Falkirk Council applied for a guardianship order appointing their chief social work officer as welfare guardian to S for a period of three years. S opposed, but only as regards the duration of the order, which she contended should be limited to one year. At the time of the hearing in November 2013 she was aged 34. She had a learning disability. She had two children, G and A, to different fathers with both of whom she had had difficult relationships, and by the time of the hearing both children were in local authority care. Her adoptive mother was deceased and her relationship with her adoptive father had deteriorated. On 14th June 2013 the sheriff had granted a Removal Order under s293 of the Mental Health (Care and Treatment) (Scotland) Act 2003 as a result of which S was removed to M Care Centre.
On onus, the sheriff refused to accept that there was any onus on a party proposing a period of less than the three-year “norm”: “It seems to me, bearing in mind the principle of ‘the least restrictive option’ (on the hypothesis that intervention is justified), that it would be difficult to argue that there was a legal burden on a party who submitted for a lesser period of intervention.” More generally, where issue had been joined as to duration it seemed to the sheriff “to be unhelpful to think in terms of onus.” The court’s task “must ultimately be to consider what the appropriate period is having regard to the principles contained in the Act.” In applying s1(3), on the one hand a shorter period could be said to be less restrictive, but the sheriff referred to Adrian’s comment in relation to s58(4) in “Adults with Incapacity Legislation” that requiring everyone to go through the renewal procedure more frequently than necessary could be contrary to the benefit principle. The potential impact on the adult of a renewal application was relevant. The sheriff referred to the observations of Sheriff Thornton in Application in respect of the adult JMR (Kirkcaldy Sheriff Court, 27th February 2013 at para 20). In the present case, he identified as further disadvantage of a shorter period that S’s knowledge that the order was only for a year could cause her – as she was reported to have said – to “keep the head down” for that period, thus inhibiting the progress of her rehabilitation. She was “at risk of being taken advantage of”, and it would be “a slow process in order to ensure her safety in the community without support.” Sheriff Mundy quoted evidence of a consultant psychiatrist that he “did not think she would work with a one year order even if she agreed with that.”

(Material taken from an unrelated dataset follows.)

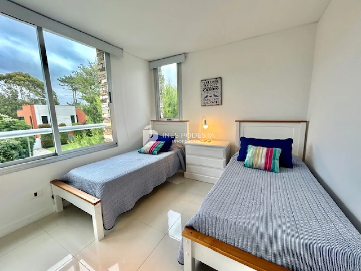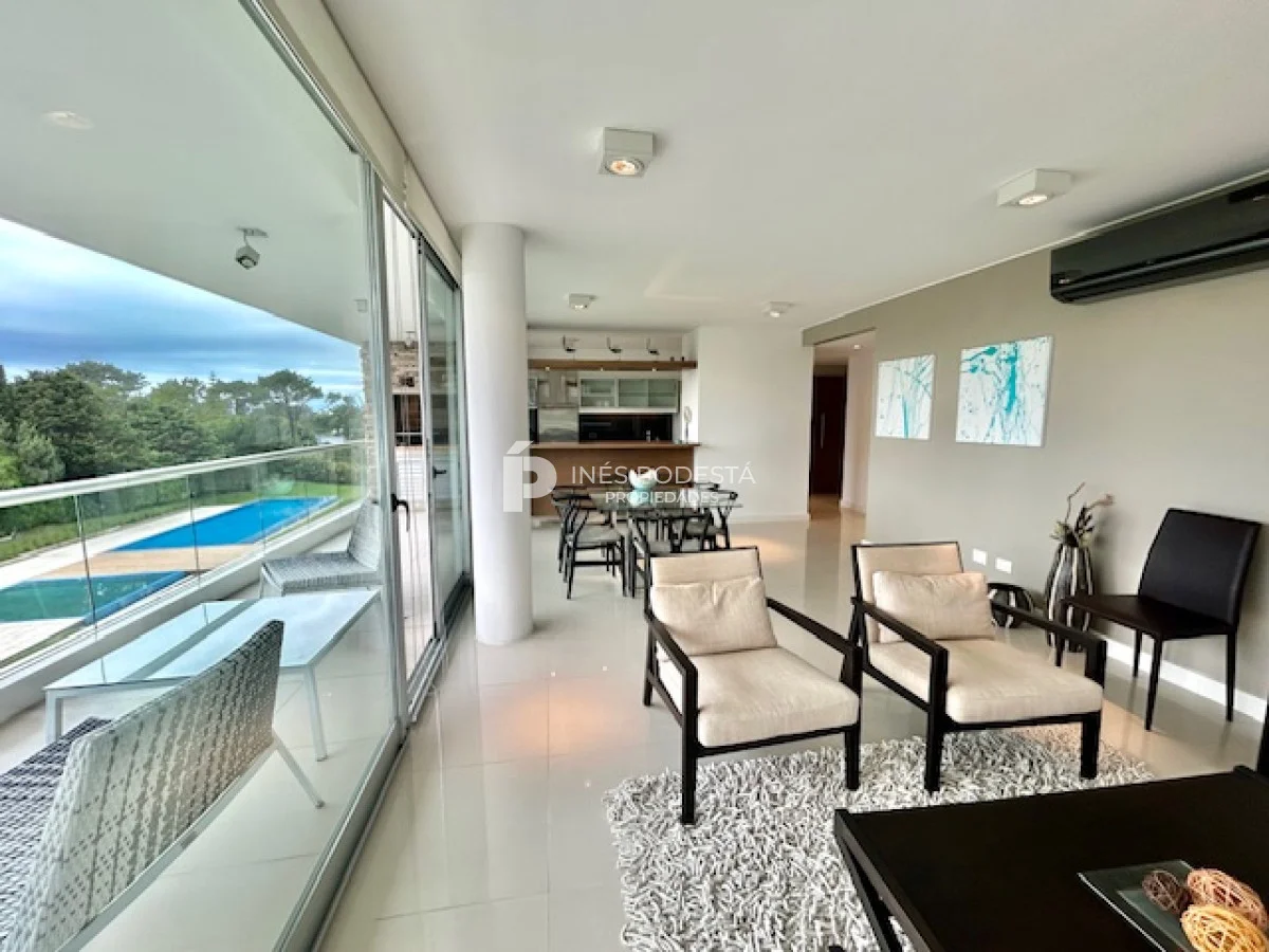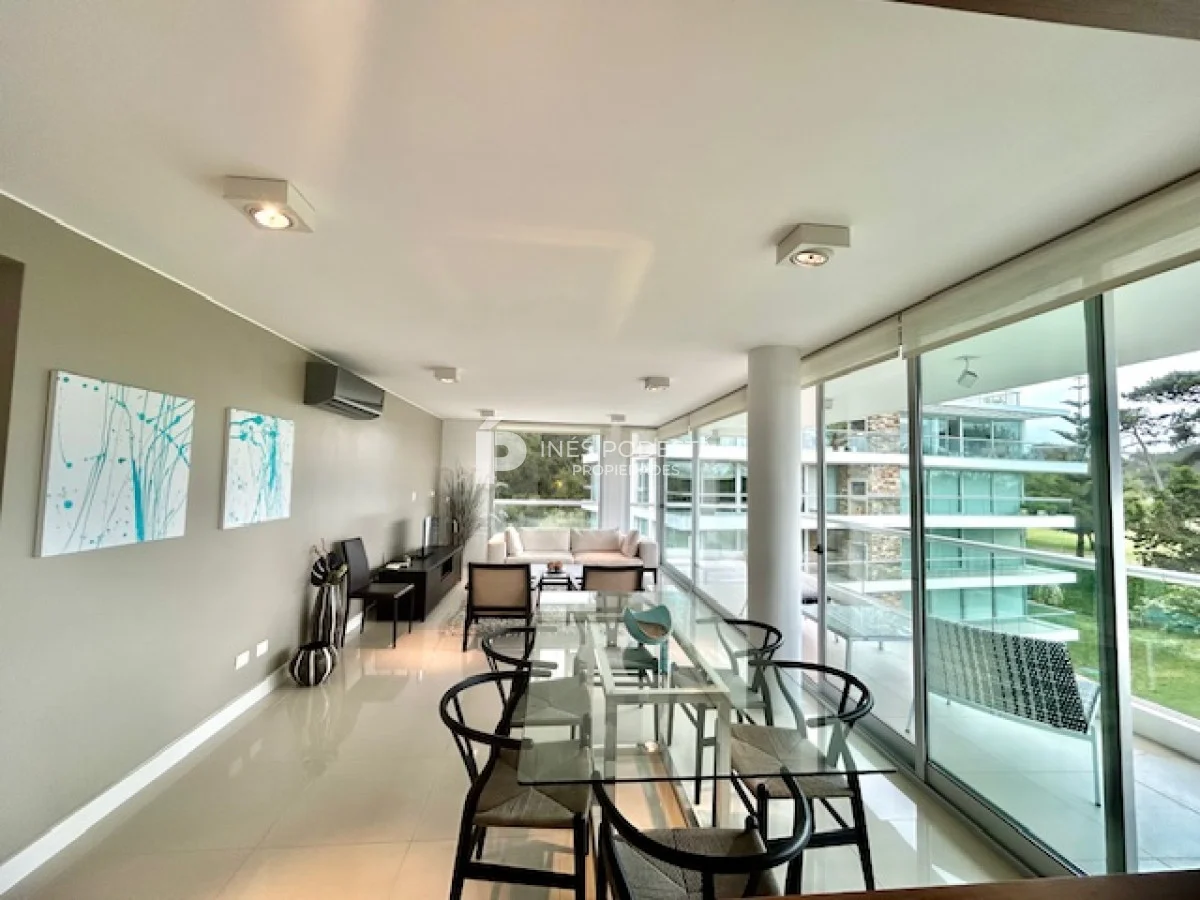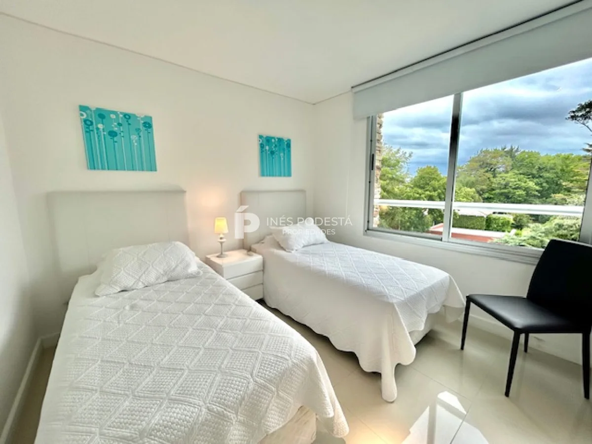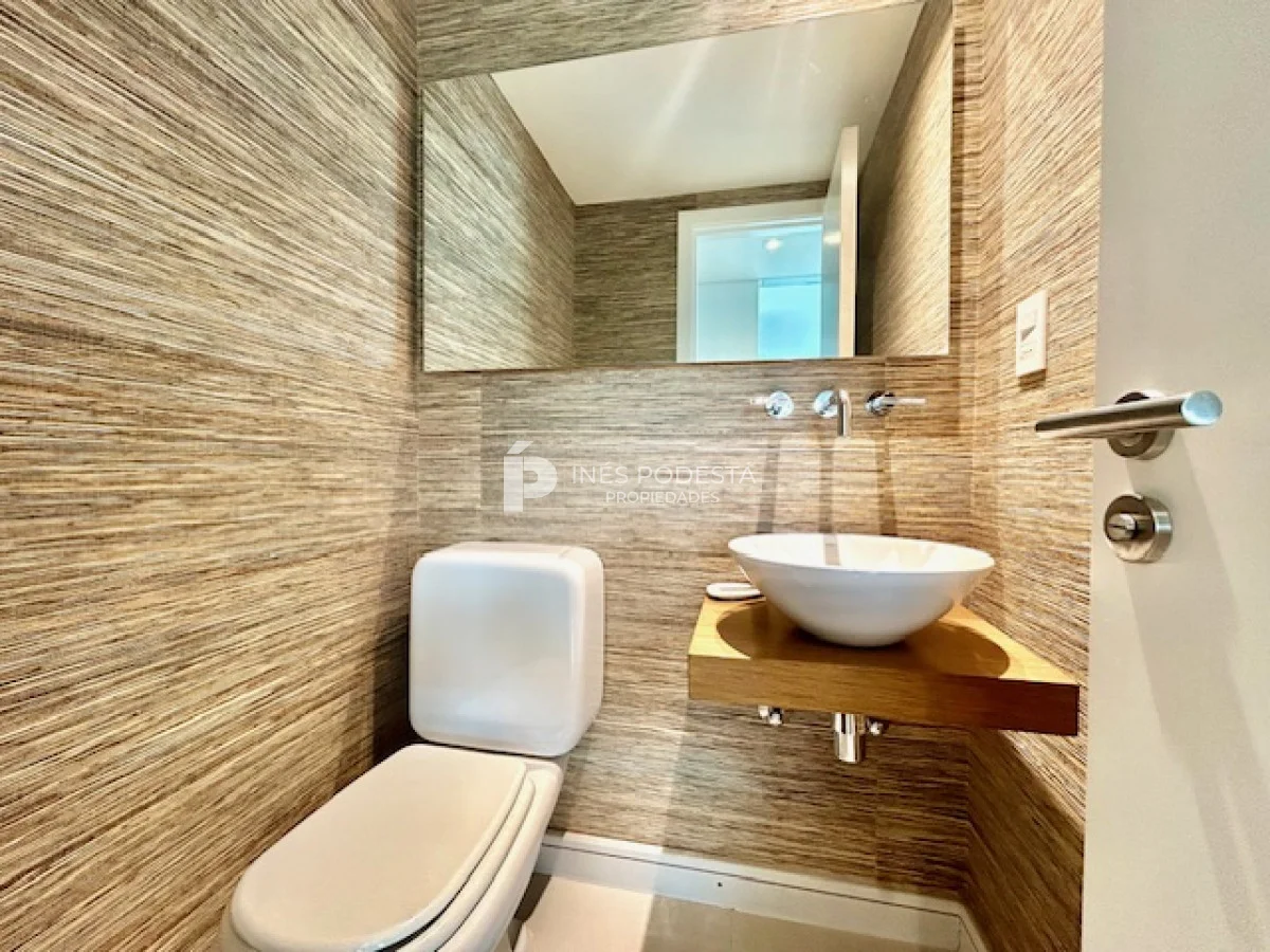 Terrazas de Villa Brava, lindísimo complejo rodeado de jardines con muy buenos amenities! Living comedor apaisado, luminoso, toilette, cocina americana integrada, 3 dormitorios, 2 baños (principal en suite), losa radiante y aires acondicionados, gge, servicio de mucama, laundry, pileta interior y exterior (ideal para nadar)

The importance of the element of “acting”, including acting in accordance with otherwise potentially competent decisions, was emphasised by the Mental Welfare Commission in the “D Report.” In the present case, the sheriff accepted evidence of S’s frequent inability to act consistently with decisions. Looking only to her expressed decisions, it might have been doubtful whether she was incapable so as to warrant the order sought.
The sheriff did not feel that he “could attach a great deal of weight to the proposition that a shorter order would allow S a greater opportunity to play a significant part in A’s upbringing.” In “Two ‘adults’ in one incapacity case?: thoughts for Scotland from an English deprivation of liberty decision”, 2013 SLT (News) 239,
Adrian suggested that the section 1 principles should be applied to any adult within the wording of s1(1), which might be a “second adult” in addition to the adult regarding whom proceedings had been brought. This view could not apply to a person under 16, and thus not an “adult” in terms of the Act. A parent-child relationship would however be likely to engage the benefit principle (s1(2)), the wishes and feelings of the adult (s1(4)(a)), and the views of the child (s1(4)(d)). Sheriff Mundy did not refer to such considerations. He referred to evidence that the “concern was S’s welfare and safety rather than any issues relating to her child” and that “this application was about S, not her child.” Sheriff Mundy accepted, on the basis of evidence adduced, that “the first concern was to achieve stability for S,” upon achievement of which “S’s parenting ability in relation to A could be re-assessed.”
The Judgment does not refer to Article 12.4 of the UN Convention on the Rights of Persons with Disabilities of December 13, 2006, which provides that “measures that relate to the exercise of legal capacity” should “apply for the shortest time possible.”